While out in the dingy off Driftwood Cove, Jess and I had our cameras with us too (of course), and delighted in having some curious sea lions swim right up and around us, as well as trying to glide close enough for a good puffin shot, but they seemed pretty shy. One puffin however surfaced only 5 meters away and froze just long enough for us to grab perhaps our best-ever Horned puffin shots before disappearing underwater with a flick of its wings. We were just about to head in when Jess pointed wide-eyed "Oh my God!" and I turned to see a huge humpback whale crash back into the water not too far away! Amazing! He breeched a few more times and we got some shots against the sunset before recalling the cruising guide books comment that a humpback whale once breached onto of some people in a dingy and killed all of them, at which point we decided it was time to call it a day.
Our last stop before PWS was (passing a black bear) up into Puffin Cove, and while having no puffins, we did see our first hummingbird! We'd read that there was a good hike up to the ridge, but after spending 30min trying to find the 'start' of the 'trail', we decided there was none, and plunged headlong into the alder bushes, spiky Devils Club, and moss-covered spruce trees, calling out "Watch our bears! Coming though…" (and variations of) every minute or so. I got stung on the face by a big fluffy Alaskan bumble bee, and then an even louder, deeper approaching hum thankfully turned out to be a Rufus Hummingbird (they migrate the furthest of all varieties, some from as far as Mexico!) hovering right in front of us for a second before zipping off through the trees. Next also we saw a deer, then eventually struggled to the boulders atop the ridge and could gaze out North and see into 'Icy Bay' in PWS strewn with glacial ice. Though less than one mile from Puffin Cove direct over the mountain, it took us the rest of the day to motor/sail the 31 nm back out of Puffin Cove, rocket through Bainbridge Passage (doing 9kn with wind and tide assist!) into PWS proper, and around into the same part of Icy bay we'd overlooked that morning.

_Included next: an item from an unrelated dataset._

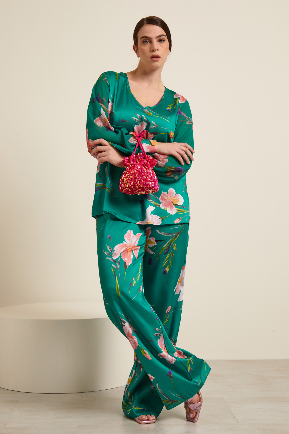 Blusa dalla linea fluida realizzata in twill stampato, con scollo a V e maniche in georgette con polsino e bottone.

We tried out our foldable shrimp trap for the first time in Icy Bay, baited with the recommended punctured tin of cat food, set in about 100 foot of water. It worked! First haul was about a dozen huge prawns (two distinct types: spotted, about 10-15cm long, and the larger striped ones usually 17-22cm long, our record being 23cm tail to nose-spike!) We tried various locations and depths, and seemed to find that deeper is better (we've heard the saying 'steep and deep') up to about 400 ft, but also in the vicinity of glaciers seems to help. Some days we got huge hauls of more than 50, and we've been enjoying them boiled, fried with garlic, in pasta, in curries, and experimented with various cooking times (too quick = too soft, too long = too rubbery, about 5min is good), and varying percentages of seawater to fresh to boil them in (50%). It's been great fun, and even better exercise hauling in the up to 600 feet of line, and the trap, weighed down with some anchor chain cable-tied around it's perimeter to prevent it being dragged away in the tidal currents.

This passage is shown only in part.